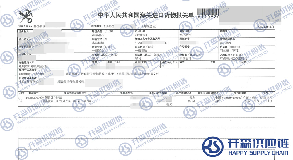 一、智利冷凍貽貝進(jìn)口報關(guān)代理案例詳情
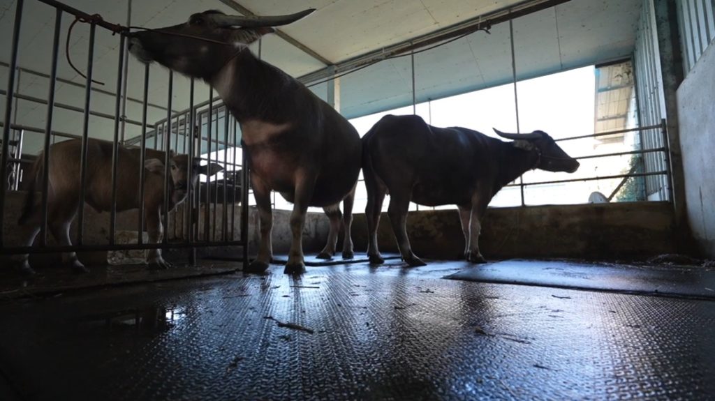 ฟาร์มใช้ระบบการเลี้ยงแบบฟาร์มปิด ซึ่งช่วยให้การจัดการ ดูแล และรักษาความสะอาดเป็นไปอย่างมีประสิทธิภาพ อย่างไรก็ตามการเลี้ยงควายในคอกปูนอาจส่งผลกระทบต่อสุขภาพของกีบของควาย เนื่องจากพื้นแข็งทำให้เล็บสึกและกีบบาง เพื่อแก้ปัญหานี้ทางฟาร์มจึงนำแผ่นยางมาปูพื้นทั้งหมด เพื่อลดแรงกระแทกและเพิ่มความสบายให้กับควาย
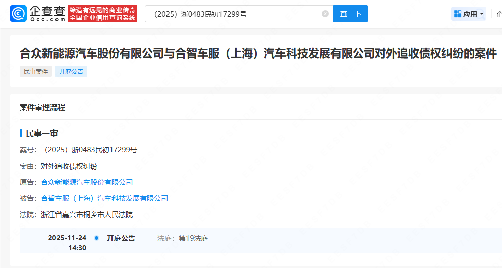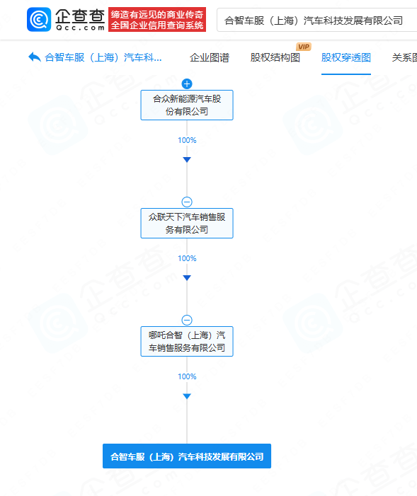 企查查APP显示,近日,法院刊登哪吒汽车即合众新能源汽车股份有限公司起诉合智车服(上海)汽车科技发展有限公司案件开庭公告,案由涉及对外追收债权纠纷,预计开庭时间为11月24日。企查查股权穿透显示,合智车服(上海)汽车科技公司由合众新能源汽车股份有限公司间接全资持股。 (企查查)
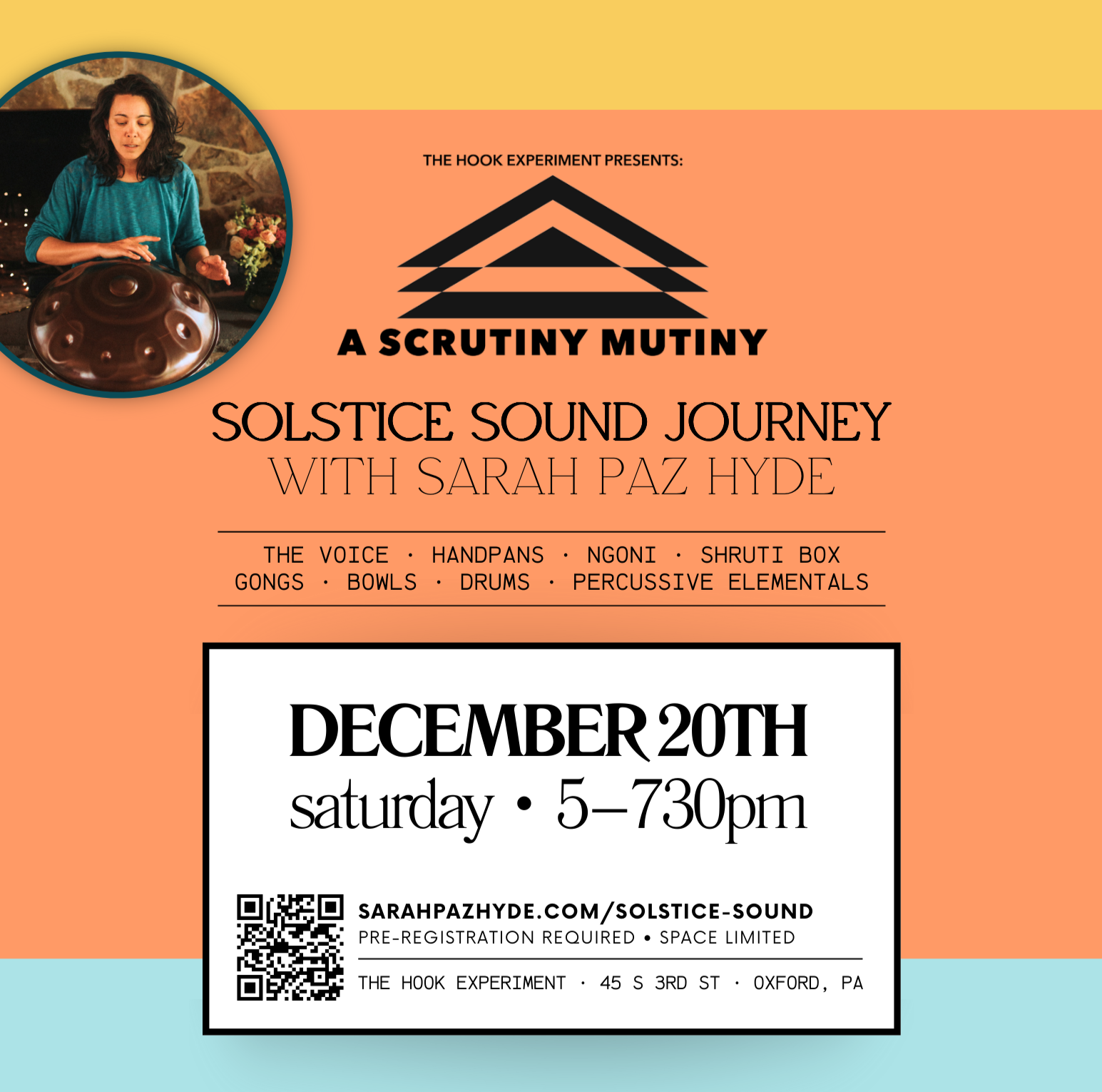 Guided by a blend of sounds, we will weave solstice themes with currents present in the Scrutiny Mutiny exhibit that holds us. The evening’s meditation moves between stillness, silence & sound, and invites us to dance with the density of discernment that relates to the softness needed when cycling through the inner landscapes of the soul.
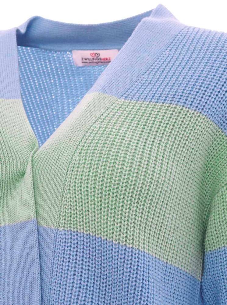 đź’• Zwillingsherz Strickjacke "Katja" Merinowolle Streifen Hellblau Mint
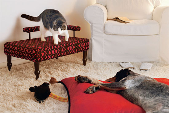 • 若不想家中大興土木,其實只要在居家的局部空間運用小小的寵物用品、配件, 如狗食器皿、玩具、靠墊或寵物小窩,藉由簡單的佈置手法,搭配現有的空間設計與家具飾品,即能呈現主人與寵物日常生活的歡樂場景。

WHAT THE TASK ASKS => Your answer should consist of the lines above between those holding "企查查APP显示,近日,法院" and "Guided by a", inclusive, reproduced word for word and without pictures.

EXERCISE OUTPUT =>
 企查查APP显示,近日,法院刊登哪吒汽车即合众新能源汽车股份有限公司起诉合智车服(上海)汽车科技发展有限公司案件开庭公告,案由涉及对外追收债权纠纷,预计开庭时间为11月24日。企查查股权穿透显示,合智车服(上海)汽车科技公司由合众新能源汽车股份有限公司间接全资持股。 (企查查)
 Guided by a blend of sounds, we will weave solstice themes with currents present in the Scrutiny Mutiny exhibit that holds us. The evening’s meditation moves between stillness, silence & sound, and invites us to dance with the density of discernment that relates to the softness needed when cycling through the inner landscapes of the soul.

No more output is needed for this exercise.